Assignment. Your answer must be an exact copy of the entries below, with no pictures in it.

Task input.
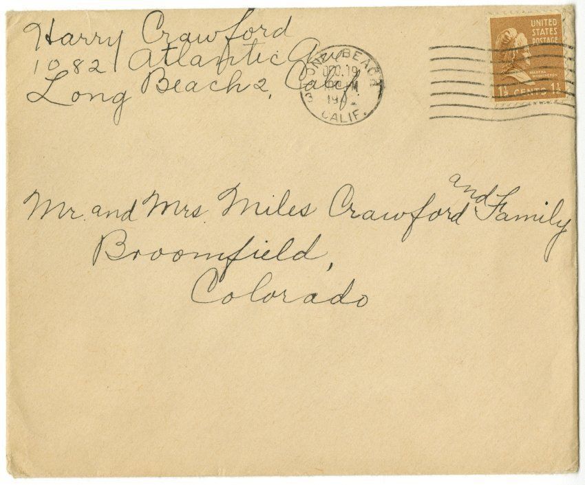 Return address: "Harry Crawford, 1082 Atlantic Ave, Long Beach 2, Calif."
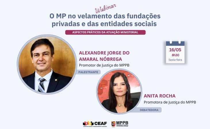 O evento é destinado exclusivamente aos membros do Ministério Público da Paraíba e terá como palestrante o 40º promotor de Justiça de João Pessoa, Alexandre Jorge do Amaral Nóbrega, que atua no velamento das fundações e é vice-presidente da Associação Nacional de Procuradores e Promotores de Justiça de Fundações e Entidades de Interesse Social (Profis). A debatedora será a promotora de Justiça e coordenadora do Ceaf, Anita Bethânia Silva Rocha.
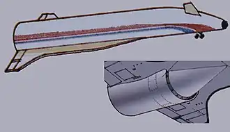 Tal como se diseñó, habría tenido 62 m, 12,8 m, un diámetro de fuselaje de 5,7 m y una envergadura de 19,7 m.[8] Presentaba un diseño de ala que se derivaba del utilizado en el Concorde. Su gran área se tradujo en una carga alar relativamente baja, lo que habría resultado en temperaturas de reentrada más bajas (que nunca se elevarían por encima de 1400 °C).[8] Construido con materiales poliméricos reforzados con fibra de carbono, no habría sido necesario el uso de baldosas aislantes similares a las que componen el sistema de protección térmica del transbordador espacial. El tren de aterrizaje guardado internamente habría sido demasiado pequeño para soportar el peso del cohete completamente cargado, por lo que los aterrizajes de emergencia habrían requerido que se descargara el combustible.[8]
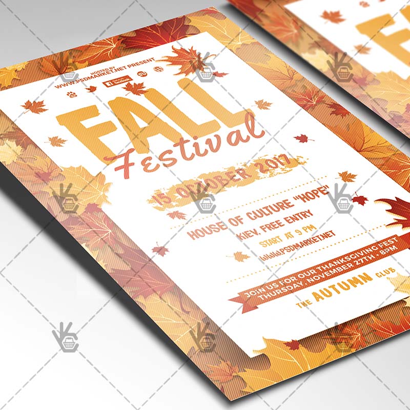 Fall Festival is a simply modern flyer design by PSDmarket Team to be used with Photoshop CS3 and higher. Save your time and use it for business or for your clients! This can be use for Fall Day Party, Fall Fest, Fall Party, Fall Night, Autumn Party or Autumn Festival and others.
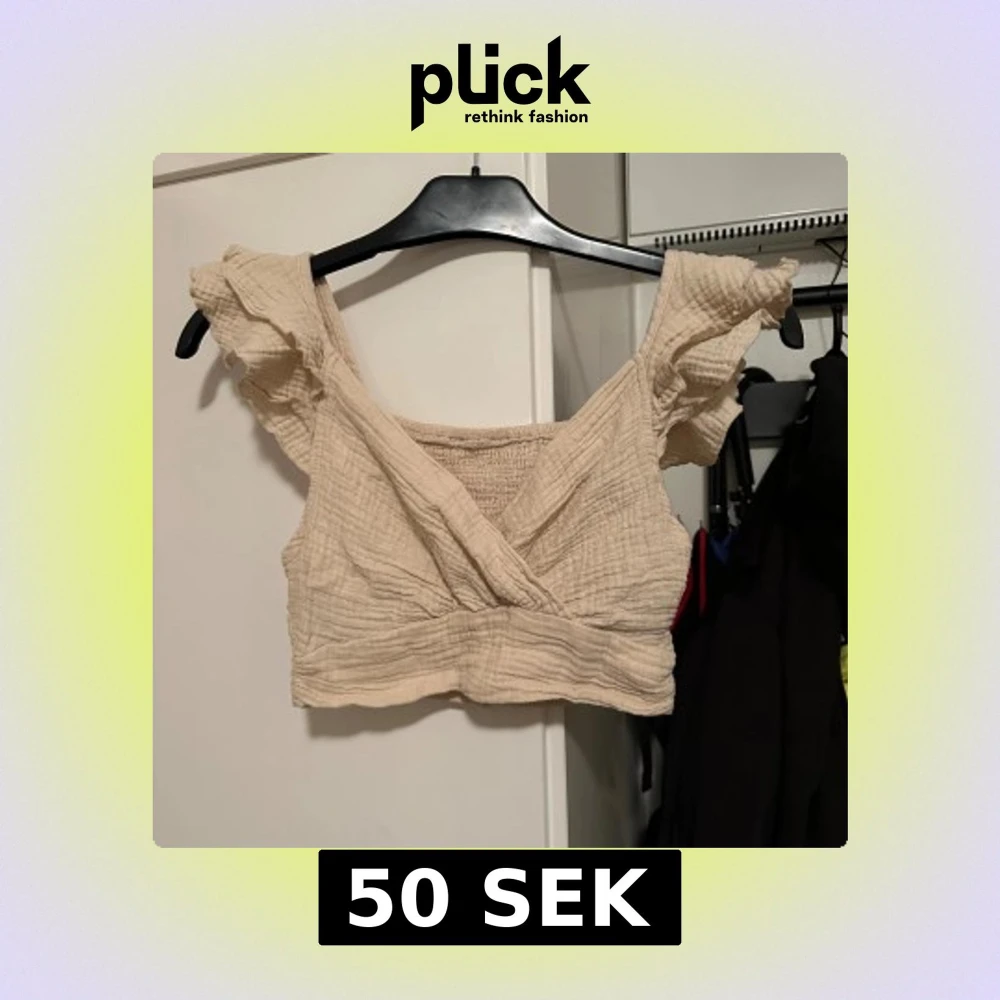 Säljer en beige linnetopp med omlott-design framtill och volangdetaljer på axelbanden. Toppen är croppad och har en lätt rynkad struktur i materialet som ger en chill och somrig vibe. Perfekt för dig som gillar ljusa färger och mjuka material.

Written solution.
 Return address: "Harry Crawford, 1082 Atlantic Ave, Long Beach 2, Calif."
 O evento é destinado exclusivamente aos membros do Ministério Público da Paraíba e terá como palestrante o 40º promotor de Justiça de João Pessoa, Alexandre Jorge do Amaral Nóbrega, que atua no velamento das fundações e é vice-presidente da Associação Nacional de Procuradores e Promotores de Justiça de Fundações e Entidades de Interesse Social (Profis). A debatedora será a promotora de Justiça e coordenadora do Ceaf, Anita Bethânia Silva Rocha.
 Tal como se diseñó, habría tenido 62 m, 12,8 m, un diámetro de fuselaje de 5,7 m y una envergadura de 19,7 m.[8] Presentaba un diseño de ala que se derivaba del utilizado en el Concorde. Su gran área se tradujo en una carga alar relativamente baja, lo que habría resultado en temperaturas de reentrada más bajas (que nunca se elevarían por encima de 1400 °C).[8] Construido con materiales poliméricos reforzados con fibra de carbono, no habría sido necesario el uso de baldosas aislantes similares a las que componen el sistema de protección térmica del transbordador espacial. El tren de aterrizaje guardado internamente habría sido demasiado pequeño para soportar el peso del cohete completamente cargado, por lo que los aterrizajes de emergencia habrían requerido que se descargara el combustible.[8]
 Fall Festival is a simply modern flyer design by PSDmarket Team to be used with Photoshop CS3 and higher. Save your time and use it for business or for your clients! This can be use for Fall Day Party, Fall Fest, Fall Party, Fall Night, Autumn Party or Autumn Festival and others.
 Säljer en beige linnetopp med omlott-design framtill och volangdetaljer på axelbanden. Toppen är croppad och har en lätt rynkad struktur i materialet som ger en chill och somrig vibe. Perfekt för dig som gillar ljusa färger och mjuka material.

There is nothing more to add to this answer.